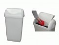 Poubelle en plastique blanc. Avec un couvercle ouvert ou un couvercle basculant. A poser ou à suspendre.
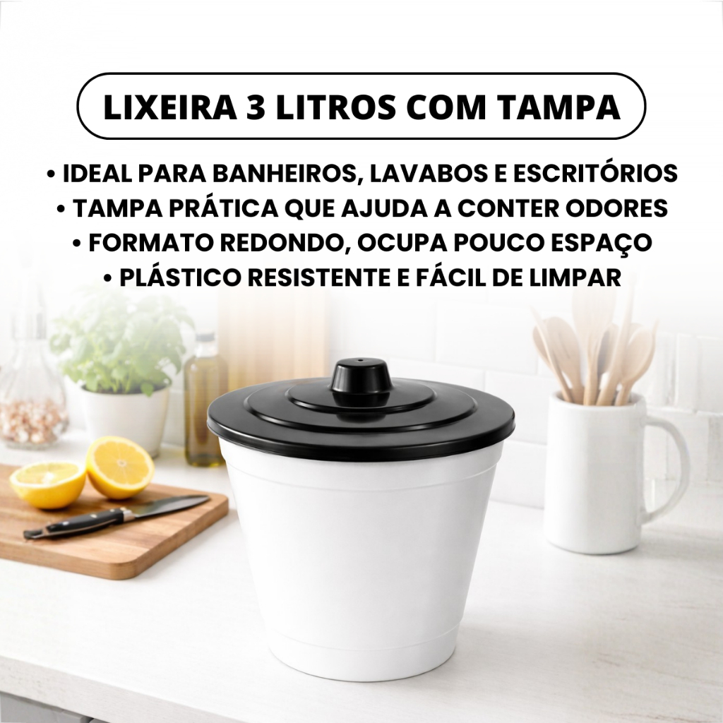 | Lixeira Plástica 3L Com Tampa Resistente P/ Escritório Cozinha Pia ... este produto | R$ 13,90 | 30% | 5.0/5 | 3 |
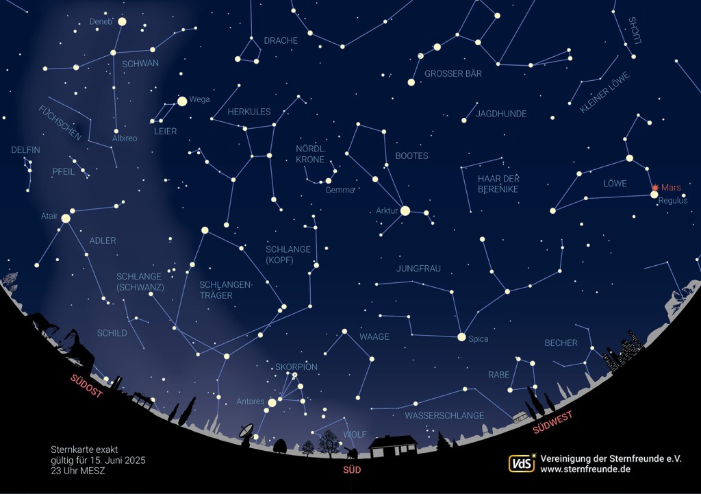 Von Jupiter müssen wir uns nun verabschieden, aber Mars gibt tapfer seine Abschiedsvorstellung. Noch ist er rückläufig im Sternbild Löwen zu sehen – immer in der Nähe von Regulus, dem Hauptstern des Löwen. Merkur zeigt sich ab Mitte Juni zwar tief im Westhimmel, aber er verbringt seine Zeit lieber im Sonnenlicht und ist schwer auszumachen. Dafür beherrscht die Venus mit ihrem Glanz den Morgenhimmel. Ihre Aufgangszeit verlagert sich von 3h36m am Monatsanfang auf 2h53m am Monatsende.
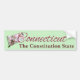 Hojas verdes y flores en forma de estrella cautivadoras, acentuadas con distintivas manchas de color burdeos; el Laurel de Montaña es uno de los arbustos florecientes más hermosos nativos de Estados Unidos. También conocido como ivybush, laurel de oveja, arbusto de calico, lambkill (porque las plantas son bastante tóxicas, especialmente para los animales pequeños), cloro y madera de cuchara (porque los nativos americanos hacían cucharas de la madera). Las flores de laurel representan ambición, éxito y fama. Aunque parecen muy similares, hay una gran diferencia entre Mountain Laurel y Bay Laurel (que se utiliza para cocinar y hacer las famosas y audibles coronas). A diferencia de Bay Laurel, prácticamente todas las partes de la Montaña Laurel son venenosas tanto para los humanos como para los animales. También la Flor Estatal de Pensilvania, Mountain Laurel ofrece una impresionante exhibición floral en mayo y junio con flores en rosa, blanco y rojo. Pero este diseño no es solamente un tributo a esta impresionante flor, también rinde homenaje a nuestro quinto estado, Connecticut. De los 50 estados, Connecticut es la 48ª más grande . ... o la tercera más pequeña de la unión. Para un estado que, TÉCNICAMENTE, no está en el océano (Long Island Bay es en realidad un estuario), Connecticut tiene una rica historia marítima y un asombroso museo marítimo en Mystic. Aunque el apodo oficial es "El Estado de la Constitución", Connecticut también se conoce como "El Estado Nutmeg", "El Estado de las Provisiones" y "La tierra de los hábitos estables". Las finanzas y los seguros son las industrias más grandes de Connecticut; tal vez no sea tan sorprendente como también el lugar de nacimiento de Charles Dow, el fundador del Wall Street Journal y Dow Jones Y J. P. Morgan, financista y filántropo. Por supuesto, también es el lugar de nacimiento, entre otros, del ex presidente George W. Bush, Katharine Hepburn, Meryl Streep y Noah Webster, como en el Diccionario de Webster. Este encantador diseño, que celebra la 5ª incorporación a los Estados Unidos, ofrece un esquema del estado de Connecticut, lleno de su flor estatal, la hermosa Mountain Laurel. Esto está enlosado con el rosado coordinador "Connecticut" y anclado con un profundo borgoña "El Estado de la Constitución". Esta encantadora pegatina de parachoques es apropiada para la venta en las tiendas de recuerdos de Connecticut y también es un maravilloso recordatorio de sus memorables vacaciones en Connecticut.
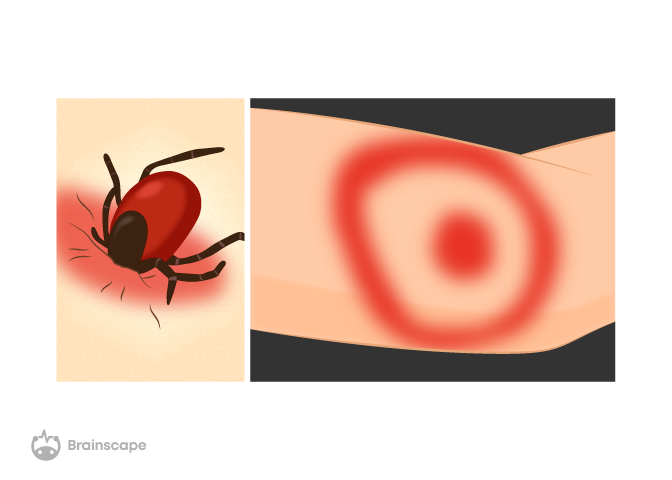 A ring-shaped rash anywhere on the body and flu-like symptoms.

--------------------

What to do: Word for word, copy every line of the data, excluding any pictures.

Answer:
 Poubelle en plastique blanc. Avec un couvercle ouvert ou un couvercle basculant. A poser ou à suspendre.
 | Lixeira Plástica 3L Com Tampa Resistente P/ Escritório Cozinha Pia ... este produto | R$ 13,90 | 30% | 5.0/5 | 3 |
 Von Jupiter müssen wir uns nun verabschieden, aber Mars gibt tapfer seine Abschiedsvorstellung. Noch ist er rückläufig im Sternbild Löwen zu sehen – immer in der Nähe von Regulus, dem Hauptstern des Löwen. Merkur zeigt sich ab Mitte Juni zwar tief im Westhimmel, aber er verbringt seine Zeit lieber im Sonnenlicht und ist schwer auszumachen. Dafür beherrscht die Venus mit ihrem Glanz den Morgenhimmel. Ihre Aufgangszeit verlagert sich von 3h36m am Monatsanfang auf 2h53m am Monatsende.
 Hojas verdes y flores en forma de estrella cautivadoras, acentuadas con distintivas manchas de color burdeos; el Laurel de Montaña es uno de los arbustos florecientes más hermosos nativos de Estados Unidos. También conocido como ivybush, laurel de oveja, arbusto de calico, lambkill (porque las plantas son bastante tóxicas, especialmente para los animales pequeños), cloro y madera de cuchara (porque los nativos americanos hacían cucharas de la madera). Las flores de laurel representan ambición, éxito y fama. Aunque parecen muy similares, hay una gran diferencia entre Mountain Laurel y Bay Laurel (que se utiliza para cocinar y hacer las famosas y audibles coronas). A diferencia de Bay Laurel, prácticamente todas las partes de la Montaña Laurel son venenosas tanto para los humanos como para los animales. También la Flor Estatal de Pensilvania, Mountain Laurel ofrece una impresionante exhibición floral en mayo y junio con flores en rosa, blanco y rojo. Pero este diseño no es solamente un tributo a esta impresionante flor, también rinde homenaje a nuestro quinto estado, Connecticut. De los 50 estados, Connecticut es la 48ª más grande . ... o la tercera más pequeña de la unión. Para un estado que, TÉCNICAMENTE, no está en el océano (Long Island Bay es en realidad un estuario), Connecticut tiene una rica historia marítima y un asombroso museo marítimo en Mystic. Aunque el apodo oficial es "El Estado de la Constitución", Connecticut también se conoce como "El Estado Nutmeg", "El Estado de las Provisiones" y "La tierra de los hábitos estables". Las finanzas y los seguros son las industrias más grandes de Connecticut; tal vez no sea tan sorprendente como también el lugar de nacimiento de Charles Dow, el fundador del Wall Street Journal y Dow Jones Y J. P. Morgan, financista y filántropo. Por supuesto, también es el lugar de nacimiento, entre otros, del ex presidente George W. Bush, Katharine Hepburn, Meryl Streep y Noah Webster, como en el Diccionario de Webster. Este encantador diseño, que celebra la 5ª incorporación a los Estados Unidos, ofrece un esquema del estado de Connecticut, lleno de su flor estatal, la hermosa Mountain Laurel. Esto está enlosado con el rosado coordinador "Connecticut" y anclado con un profundo borgoña "El Estado de la Constitución". Esta encantadora pegatina de parachoques es apropiada para la venta en las tiendas de recuerdos de Connecticut y también es un maravilloso recordatorio de sus memorables vacaciones en Connecticut.
 A ring-shaped rash anywhere on the body and flu-like symptoms.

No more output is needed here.